If you pull this handle...




Out of the blue, a friend I haven't spoken to in years sent me this.  It's simply staggering.  Had I seen this earlier, Combined and Uneven Apocalypse might have been nothing more than a set of page-shaped paper padding surrounding a DVD of this.

There is a moment - you'll know it when you hit it - when the entire order of vision (that of ink and the hand-built line, with water-colored gray that trembles, that of the cartoon), is thrown literally to the windows edge, where now there is an other world of sight, of photography, above all of the everyday, and it requires only a turning on its axis, a throwing into velocity or freezing, to make it jive and jar with the animation of collapse.  (Note: this dislocation happens only after the world as a whole, shot from afar as a gurgling, pustulant, seething thing, blows up in fall.  It happens only after the animated world as totality is wrecked.)  Nothing I've watched so nails the double sense of apocalypse that always interested me: an end, sure, but an end that means the bringing forth, as if refocusing a lens, lengthening the depth of field, such that the foreground loses out.  That which we were here to see finds itself scrambling, like Koko, back from the teeming fact of the street.  More than that, such a slippage and disaster occurs here in the formal construction of the thing and its manic incapacity to stay with a figure or theme for more than a moment.  The planet will smoke a cigar, but it is not always a head.  It was insofar as it smoked a cigar.  It is no more.

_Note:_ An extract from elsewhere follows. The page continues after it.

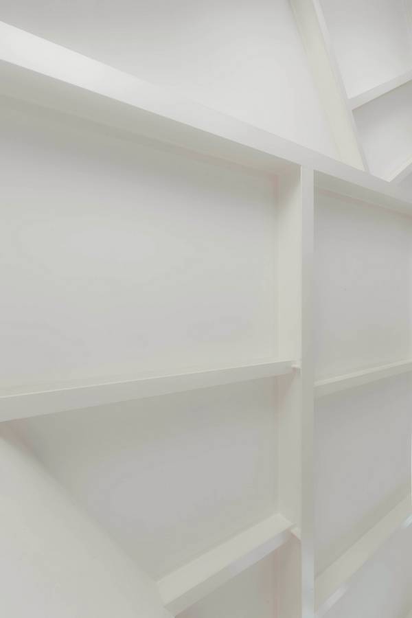 Il gioco delle travi al soffitto diviene ripartizione degli spazi interni, i quali si pongono in stretto dialogo con l’esterno e la luce.

The only thing that remains constant here is the urge to negate, a drive boiled down into single dog form, an admirable counterpart to the catastrophe-encouraging/deferring lupine gang of Wolfen, an asshole on the grandest scale cousin of Tintin's snowy.  But unlike Wolfen, Fitz the Dog manifests just a will to do it all the way (read: a "passion for the Real"), despite the scrambling resistance of his human companion, the Catechon.  And do it in proper, whole by part by atom.  This small white Fenrir doesn't just bring about Ragnarök.  The pup is committed to do it up right, hacking down one of the final trees that stands.  The end, therefore, retains shape because of the ceaseless project of breaking binds and bounds.  A pointless plan alone makes sense of what otherwise is just a bad storm.

[Two already's and a scattered note:

The earth is already turning, beneath them like a spherical treadmill.  We cannot know if there is any traction, if their walking accelerates this, or if it a frictionless gliding.  Moonwalking in place.


The earth is already empty.  We don't see crowds until after the switch has been pulled.

The sign that hangs warns DO NOT TOUCH EARTH CONTROL: the entire facility is labeled CONTROL OF EARTH.  The clown's hands may not be so clean after all.  For while the blame is narrowed into a single handle, as if there was one emergency kill switch and the rest was the blameless play of weather, day and night, we notice, on the wall of switches with which Koko plays, one switch for LIGHTNING.  And it is exactly lightning we see after Fitz finally succeeds that marks the end of the world: it is the sign of the cut here, a montage filler, a break between scenes of destruction and the apparent cause of all being stood on its head.  The point is that the switch is just a fantasy concentration point, the blind that allows us to fumble and fuck with the wall of all the effects of catastrophe without having to claim the moment has yet come.  Leave Koko at those switches long enough, and the outcome will be identical.]


So watch this and come apart.  Of course, like Koko, you lose your head, and it will not be your own you will first find as solace.  We slip into a dark puddle to slosh, without leaving a stain on the filmed desk, for these things may bristle before and aft of each other, but they cannot merge.  Back and forth we go over the animator's page, the sea-drunk's rhythm of a conclusion knocked off its axis.

And on the off chance that this not be the case, rest assured, cameras can tilt the horizon, sidewalks can threaten to slide us right off the map, and we know how to wrestle ourselves to the ground and, clawing, desperate, more than a little bufoonish, to pore over the cracks, looking for that missing friction.  After all, it's not as if we know how to do otherwise.